Other issues with Archimedes’ lever are quantitative. How much does one want to move the Earth? How fast?
This has implications for how long it might take and how strong the lever needs to be. These quantities are potentially extreme.
The Center Of Mass
Archimedes also introduced the concept of “center of mass” and its associated mathematical properties.
The center of mass is like an imaginary fulcrum placed in such a way that an object or collection of objects would balance on it. If you were trying to move the Earth around this fulcrum, you would be very far from the fulcrum and the Earth would be very close.
The center of mass has interesting properties. Imagine a cloud of objects moving through space, far from any outside influence but able to act on each other via gravity, electric charges, etc.
No interaction of any part of the system with any other part can change the motion of the center of mass because of Newton’s Third Law:
Every action has an equal and opposite reaction.
All motions in the system cancel out relative to the center of mass.
You Can Move The Earth
Archimedes did not realize it because he did not have the benefits of Newton’s Universal Law of Gravitation, but if he had, he would have realized that you could move the Earth just by jumping up and down, no levers needed.
That’s because the system of you + Earth has a center of mass. It’s very close to the center of the mass without you present, but *not exactly* the same.
If you jump up, the Earth has to move in the opposite direction to keep the center of mass in the same place. You have moved the Earth! Far too small a distance to measure and very short-lived.
This is not just a thought experiment, all the dams on Earth have raised water high enough to change the rotation of the planet measurably with trillions of tons of water.
Here’s a clip of two objects rotating around a center of mass. Neither of the objects are in the center.
In recent conversations about “moving the Earth,” Archimedes has come up literally and metaphorically.
Influence & The Lever
In terms of humans wanting to have an outsized influence on society, the analogy of the lever seems appropriate if one wants to have a lasting effect not achievable by just jumping up and down.
If one exerts a force at a great distance from the fulcrum, it has the possibility of influencing a large system closer in.
Political extremism or shocking and controversial artworks can have this effect by getting a lot of other people talking and thinking, a kind of leverage that can move a mass of people.
I believe the hardest aspect of moving the Earth in one’s life is not the act of finding a lever and pushing it, it is arranging to place your fulcrum somewhere, a kind of existential real estate play.
History is full of people who had a hard time finding the fulcrum spot, and that’s just the ones we know about.
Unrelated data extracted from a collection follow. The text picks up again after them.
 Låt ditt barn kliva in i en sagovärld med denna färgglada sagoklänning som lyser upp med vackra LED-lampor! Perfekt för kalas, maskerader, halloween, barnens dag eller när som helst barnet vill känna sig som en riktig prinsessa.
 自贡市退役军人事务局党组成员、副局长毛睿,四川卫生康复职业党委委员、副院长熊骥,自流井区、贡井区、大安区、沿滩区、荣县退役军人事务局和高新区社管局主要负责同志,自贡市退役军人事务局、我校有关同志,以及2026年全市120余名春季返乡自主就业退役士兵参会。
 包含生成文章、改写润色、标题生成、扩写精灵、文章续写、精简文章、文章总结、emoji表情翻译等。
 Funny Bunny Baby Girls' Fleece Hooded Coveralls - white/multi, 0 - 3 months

Finding a place to stand is not as hard, since you have to stand somewhere.
Igor Stravinsky & Radical Departures
The composer Igor Stravinsky wrote a ballet, The Rite of Spring, which premiered in Paris in 1913, following successes of The Firebird and Petruschka in 1910 and 1912.
It was a radical departure from previous classical music, full of strange dissonances and even stranger rhythms. It provoked a “near-riot” and fistfights in the audience.
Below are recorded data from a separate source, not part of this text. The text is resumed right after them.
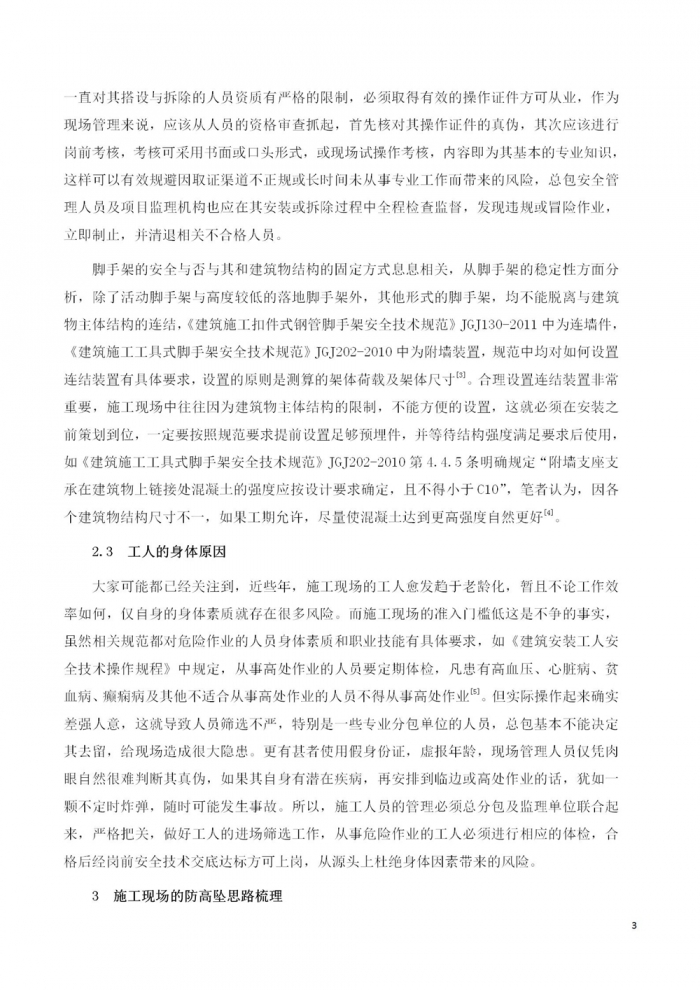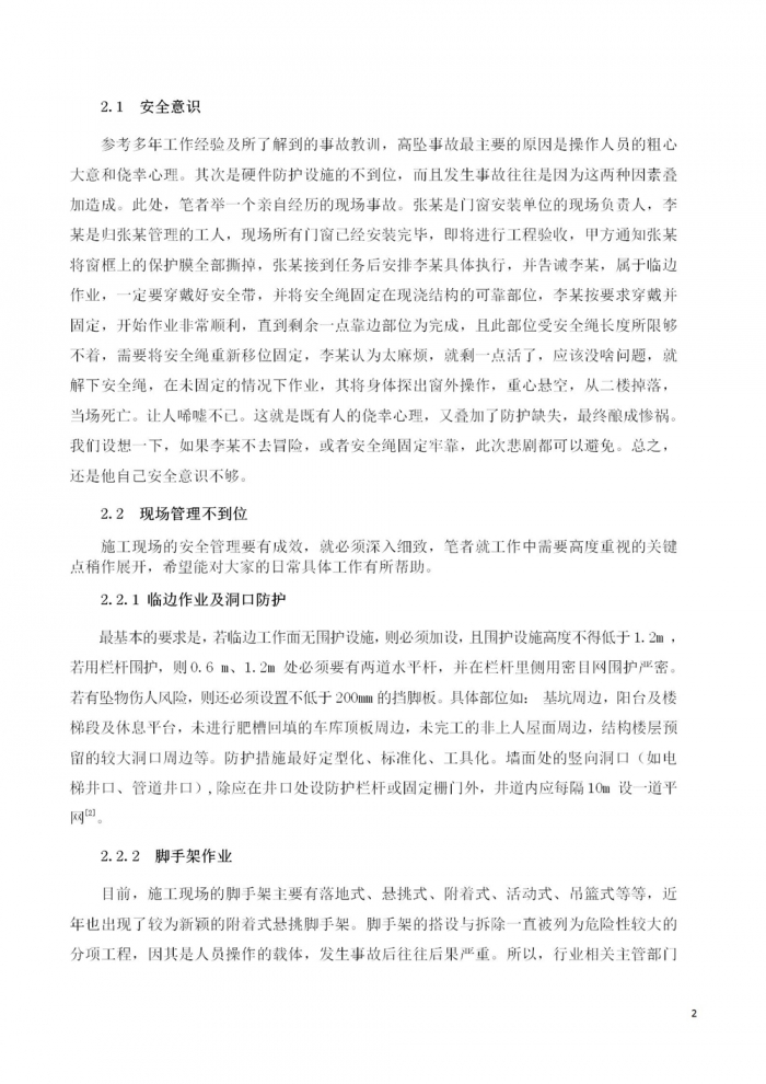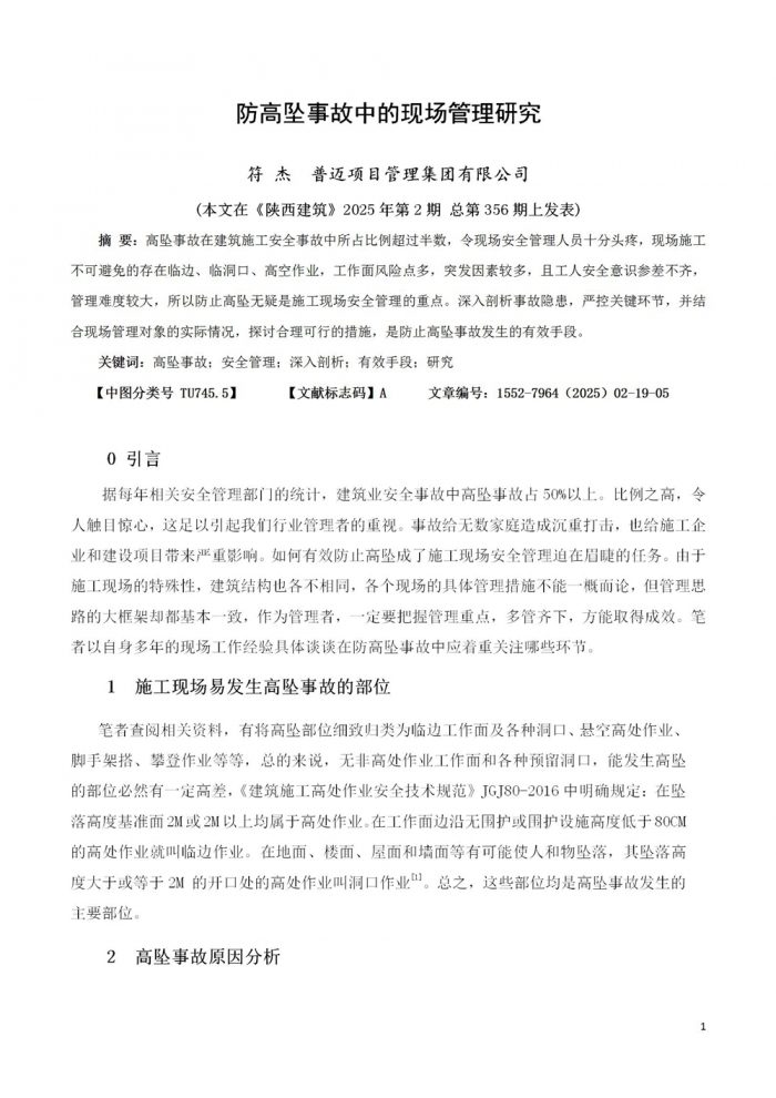 防高坠事故中的现场管理研究
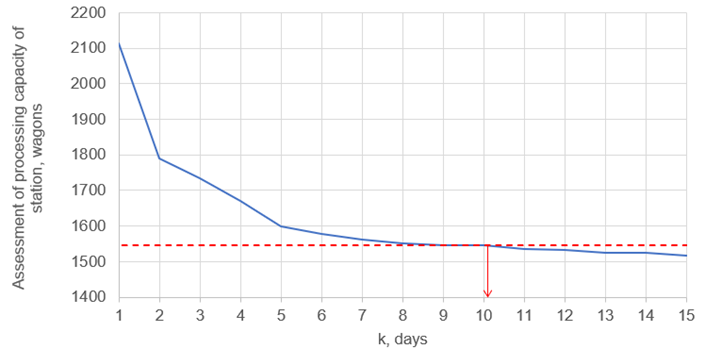 At the same time, in some days the volumes of general arrival and departure of loaded wagons may be recorded in excess of processing capacity, but such events should rarely occur. The number of values of the original function for calculating the sliding average k on one side should be sufficient to exclude short-term fluctuations in the volume of arrival and departure of wagons, and on the other – as little as possible as the periods of work of the station in the conditions of maximum load are short-lived. The dependence between the value of k and the assessment of the processing capacity of the station is shown in Fig. 4.
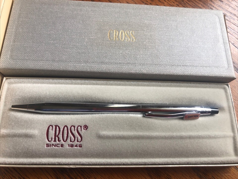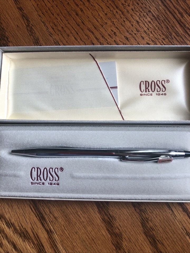 The Cross Pen Model 3502 is a vintage ballpoint pen made of metal with a sleek chrome trim. It features a black ink color and is not personalized. This collectible pen from Cross is a classic and stylish writing instrument that is perfect for everyday use or adding to a pen collection. The new open box may have some box damage, but the pen itself is in excellent condition and ready to write beautifully.
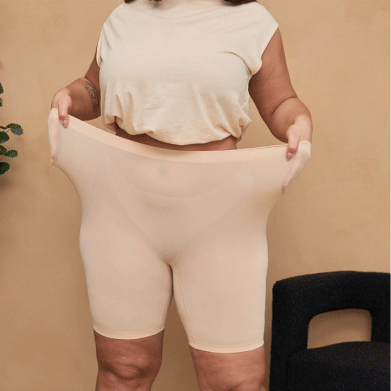Thigh Society shorties don’t compress you or suck you in like shapewear does. Instead, they’re a lightly smoothing, breathable, sweat-wicking essential you’ll reach for again and again. They’re so comfy that you’ll probably forget you have them on, and may want to sleep in them (said no one ever about shapewear).
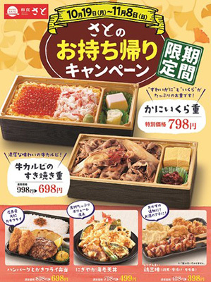 和食ファミリーレストラン「和食さと」は、テイクアウト限定の特別キャンペーンを10月19日~11月8日の21日間にわたって開催している。好評だった「かにいくら重」の特別価格798円(税別)を延長。他にも、「牛カルビのすき焼き重」や、10月からの新商品「ハンバーグとカキフライ弁当」など、全5品を期間限定キャンペーンとして特別価格で販売している。
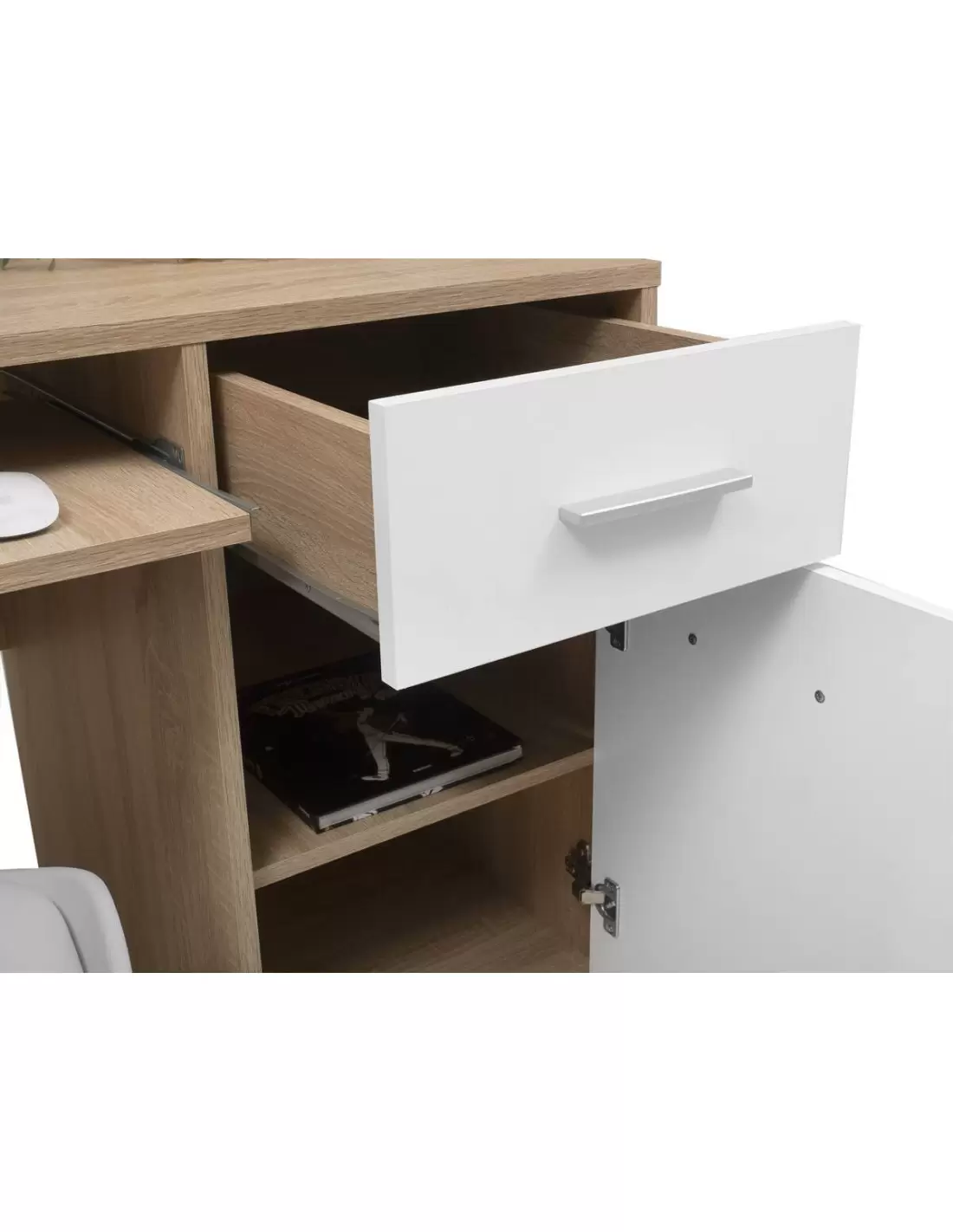 KENTO cuenta con un cajón y un armario con balda y puerta en su lateral para disponer de espacio extra en tu escritorio y de una bandeja extraíble para tu teclado.

If Stravinsky had written nothing else, he’d be remembered for that.
But he did not create the work in a vacuum.
There was no doubt some strategy involved. Stravinsky’s successes with the first two more musically conservative ballets established a kind of fulcrum placement.
He bore down with The Rite of Spring after that and moved the musical Earth.
Stravinsky & Combinatorics
The music critic Alex Ross has described the irregular process whereby Stravinsky adapted and absorbed traditional Russian folk material into the score.
He “proceeded to pulverize them into moving bits, pile them up in layers, and reassemble them in cubistic collages and montages.”
This description of Stravinsky’s creative process echos earlier blog posts about combinatorics as well as the artistic phase transition of the first decades of the 20th century.
Stepping Into The Unknown
Somehow creative spirits working in music, literature, art, and science all cooperated to place a fulcrum that accomplished a civilization-wide intellectual restructuring, without knowing exactly what they were doing.
They did what creatives and innovators do, they stepped into the unknown, and like Stravinsky, they did not forget their past.
And a parting fact that perhaps explains why good ideas come in the shower: Archimedes also discovered the idea of displacement- that one can measure the volume and weight of an object (like himself or the king’s crown) by immersing it in water. (Rumor has it that Archimedes came up with this principle while taking a bath.)
This is when he shouted, ‘Eureka!,” meaning “I found it!”
May you “find it” in your artistic pursuits.